>It’s been a very long time since my last post on this book. Our group considered chapter one a month ago, I just forgot to post about it. It was a good chapter and a good conversation.
What is the deepest longing of your heart? What would life be like if you were given what you longed for? Keller warns, “We never imagine that getting our heart’s deepest desires might be the worst thing that can ever happen to us.” Using Romans 1:24, Keller argues that when God gives us our hearts deepest desire, it is often a form of punishment, for our hearts turn these desires into idols – things that replace God. He writes, “Every human being must live for something. Something must capture our imaginations, our heart’s most fundamental allegiance and hope. But, the Bible tells us, without the intervention of the Holy Spirit, that object will never be God.”

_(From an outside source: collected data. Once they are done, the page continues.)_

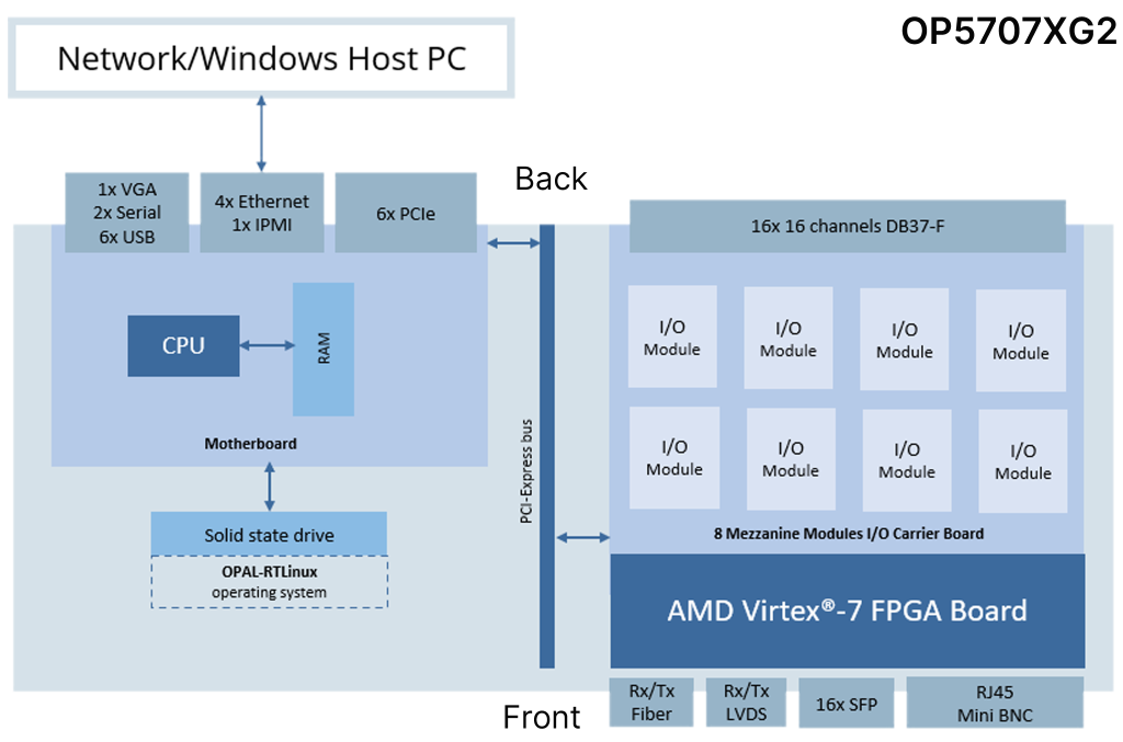 OP5707XG2は、Intelプロセッサによる超大規模モデルのリアルタイム演算と、FPGAによる超高速ループタイム(高速スイッチング周波数のリアルタイムシミュレーション)を両立する構成を採用しています。
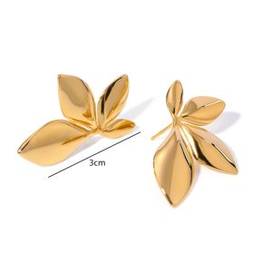 Εντυπωσιακά σκουλαρίκια από ανοξείδωτο ατσάλι σε κομψό σχέδιο φύλλων που αγκαλιάζει διακριτικά το αυτί. Με γυαλιστερό φινίρισμα και ανάλαφρη κατασκευή, προσθέτουν μια elegant, φυσική νότα σε κάθε εμφάνιση. Δεν μαυρίζουν και δεν προκαλούν αλλεργίες, ιδανικά για καθημερινή χρήση αλλά και πιο ιδιαίτερες στιγμές.
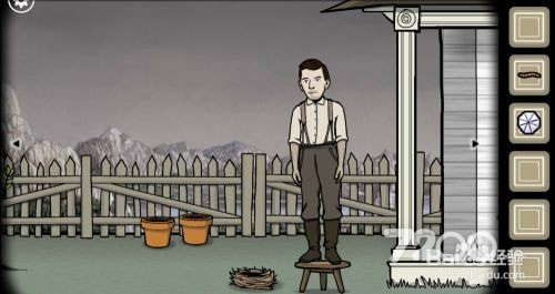4、将树枝交给男人(James),并将板凳移到他的脚下,让他拿树枝将屋顶上的鸟窝碰触下来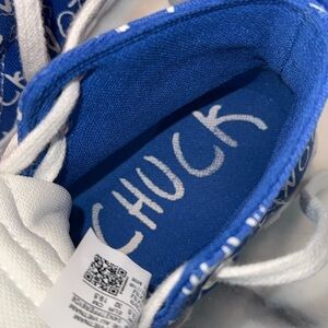 Stylish and comfortable, these Converse kids high-top sneakers feature a vibrant blue color with white accents. Perfect for everyday wear. Youth size 1 in Great condition. Lightly worn.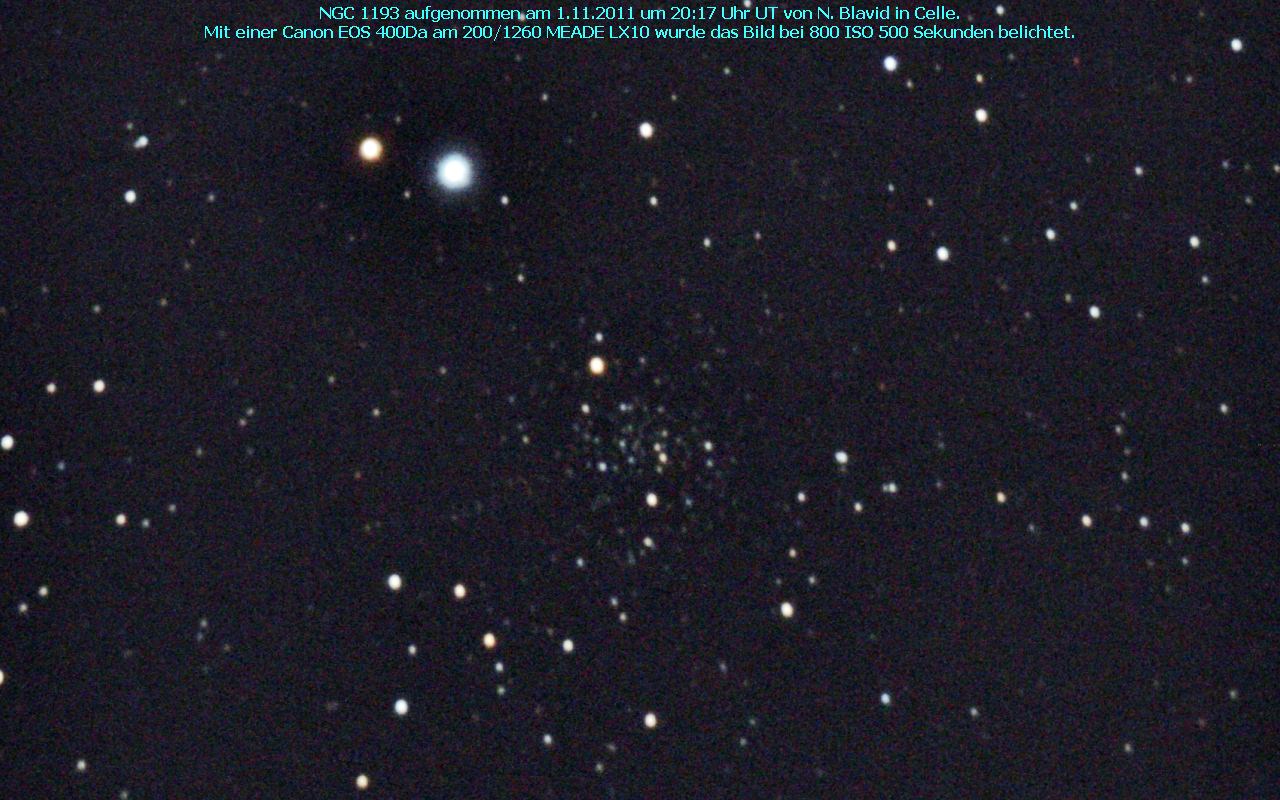 NGC 1193 ist ein offener Sternhaufen vom Typ II 3 m. Entdeckt wurde das Objekt am 24.Oktober 1786 von Friedrich Wilhelm Herschel.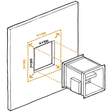 - Ook de afwerking van de sparing moet voldoen aan de voorwaarden in de montagevoorschriften. Vooral bij een lichte wand is deze afwerking van belang: horizontale liggers moeten vaak boven en onder de klep aangebracht worden om de stabiliteit bij brand te garanderen.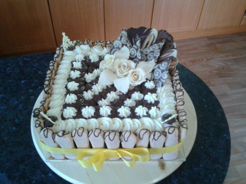 @levandulka3 no když pominu, že se mi tento styl teda vůbec nelíbí, tak myslím, že tu někdo psal, že čokoláda může na potahovku, že to nic neudělá /teda snad se nepletu/, tak si myslím, že by to šlo udělat celé z potahovky...tu hnědou i bílou část, včetně závoje...a na tu hnědou zdobení z čokolády a na tu bílou buď stencils či královskou glazuru.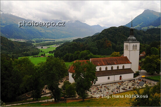 Kostel sousedící s Château de Gruyères ve středověkém městečku Gruyères, které se proslavilo výtečným sýrem Gruyère. Fribourg, Švýcarsko.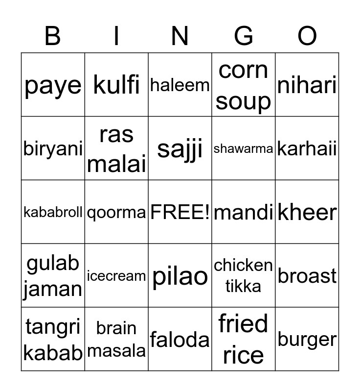 This bingo card has a free space and 24 words: icecream, brain masala, sajji, tangri kabab, nihari, paye, biryani, kulfi, mandi, pilao, shawarma, kababroll, chicken tikka, broast, ras malai, fried rice, kheer, haleem, karhaii, qoorma, burger, gulab jaman, corn soup and faloda.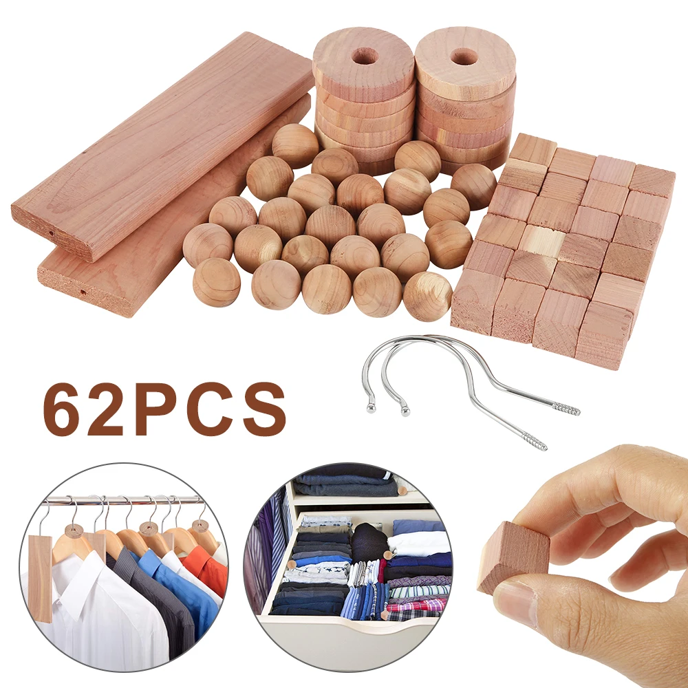 62pcs Wardrobe Pest Control Wooden Mothballs Cedar Wood Block Ring Insect Repellent Moth Ball Household Moth Mildew Proofing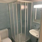La Villa Casa Enrica - bilocale a Solduno con giardino dispone di un bagno con un bagno con WC separato e una doccia. Ci sono anche asciugacapelli e asciugamani.

Keller then takes the reader to the story of Abraham and uses him to illustrate the point. He argues that “while God’s call demanded that he give up his other hopes [associated with leaving his homeland and family], it had also given him a new one [children, blessing, etc].” This is, in my opinion, similar to the call that comes to each of us – ‘Repent and Believe’. Turn from your sins, vain hopes, self-centered dreams and believe what God is doing for you, what he is offering you.
Keller continues following the story of Abraham, filling in the gaps of the story with some creative, if maybe misguided, reading between the lines. Regarding the call to sacrifice Isaac he writes, “Abraham’s affection had become adoration. Previously, Abraham’s meaning in life had been dependent on God’s word. Now it was becoming dependent on Isaac’s love and well-being. The center of Abraham’s life was shifting. God was not saying you cannot love your son, but that you must not turn a loved one into a counterfeit god.’ I disagree with Keller’s exegesis – I don’t see this in the Genesis 22 text; however, his point is good. Gifts from God can become gods in and of themselves.
After a short section in which Keller helps the reader understand the importance of sons to Ancient Near Eastern cultures, he turns to a discussion of Abraham’s faith. While Abraham’s faith is radical (see Gen. 22:5 and Heb. 11:17-19), Keller is correct when he says “Abraham was not just exercising ‘blind faith’. Could God raise Isaac from the dead? Is he faithful to his promises? Abraham had good reason to say ‘Yes’ to both questions. He had seen God’s faithfulness in action repeatedly, especially in providing him with a son. Moreover, he had seen God’s miraculous power in that his son was born to him and Sarah in old age. He understood the promises of God ran through Isaac, knew God was faithful to his promises, knew God could do the miraculous. His faith had it’s reasons. Based on his first hand knowledge of God and his ways, he acted in faith – albeit a radical faith!
This test seems unthinkable to us. It’s so harsh, but Keller points out that God’s harshness, his seeming cruelty, is actually gracious. He used the episode to teach Abraham more about himself and to shake him free from idolatry (or potential idolatry). Maybe the most difficult situations in our life our God’s gracious means for shaking us free of inappropriate attachments, idolatry, self reliance, etc. What might seem cruel is gracious and we can only appreciate this if we understand how idolatry enslaves, then destroys. We destroy our idols because, in Kellers words, ‘no [idol] can bear the full weight of godhood’. Then once our idols have been destroyed, we’re left in despondency and despair.
So what is it in your life that threatens to replace God? It’s probably something very good. What would be hardest for you to sacrifice? “Something is safe for us to maintain in our lives only if it has really stopped being an idol. That can happen only when we are truly willing to live without it, when we truly say from the heart: ‘Because I have God, I can live without you.”
So far, Keller’s book is long on diagnosis and short on prescription. Well, that’s not exactly fair – I’m only through chapter one after all. I’m looking forward to the next chapter and discussion on Thursday night.
2 thoughts on “>Counterfeit Gods, part 2”
>Hey, Dan. I've been reading through Keller's book as well. Actually, I've been pretty interested in idolatry lately. I've also been reading Dan Allender's "Breaking The Idols of Your Heart" which I think is excellent and studies idolatry through the lens of Ecclesiastes. I've also bought another book (blanking on the name/author right now). Having one more chapter left of Keller, I'll agree with you that overall he's heavy on diagnosis … but I guess I have it in my head that that's necessary/good. Our idolatry is 'hidden' and deceptive and deep in our hearts and needs the diagnosis. The prescription, I think, is pretty straightforward no matter what the idol! I think I came into these books with that notion … so I could be wrong. Anyway, enjoy the rest! I really did find it to be a must-read.
>Okay so I just finished the book. Keller definitely spends most of the book on what the idols are, why we have them, how to identify them (some really helpful stuff on this in the last chapter) … and not even half of the last chapter on how to replace idols. However, what he says on that is helpful as well. Hope you enjoy the book!